Another construction has occurred to me as plausible, but it is equally fatal to the plaintiffs. It is to consider the word "exposures" as something different from buildings There are businesses which are carried on out of doors, such as burning lime and brick, making charcoal, boiling in an uncovered arch and the like, which would expose the neighboring buildings to hazard from fire. The primary clause of the application being confined to a statement of all the *Page 384 buildings within the distance mentioned, the company might reasonably enough require the statement of any other things within that distance which might operate as a cause of exposure to the building insured. Again, it may be that the clause was added for the double purpose of including all fixtures which might expose the property offered for insurance, situated within the distance specified, and which would not come within the description of buildings, and at the same time render more certain and unambiguous what might otherwise be considered equivocal in the inquiry about buildings. But I am of opinion that the first interpretation which I have suggested is the most reasonable, and I therefore consider it the best one. I am persuaded that the one which was applied on the trial was erroneous.

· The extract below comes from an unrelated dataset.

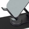 This stylish and functional phone stand will improve any hands-free phone and tablet experience. Made from robust aluminium alloy and steel with a tough powder coated finish, this phone and tablet stand’s thin, compact design means it folds smoothly down for easy transportation, perfect for work, entertainment or travel. The 360-degree rotating base swivel and 120-degree viewing angle adjustment allow you to find the perfect angle, and non-slip silicone pads on the cradle and base ensure a secure grip, keeping your device in place.

The defence which was interposed was, under the circumstances attending the making of the application, most unconscientious, and I should have been willing to find some satisfactory answer to it; but it is of paramount importance that parties should be held to perform contracts as they have made them, and in no other manner. The frequent occurrence of defences of this character have led me to think that it might be well for the legislature to enact that contracts of insurance should be contained in a single instrument, and to prescribe such plain and unambiguous provisions, gathered from the policies in use, as would enable persons desirous of insuring their property readily to see what stipulations they were called upon to assent to.
If the foregoing views prevail with my brethren, the judgment of the Supreme Court must be reversed and a new trial ordered.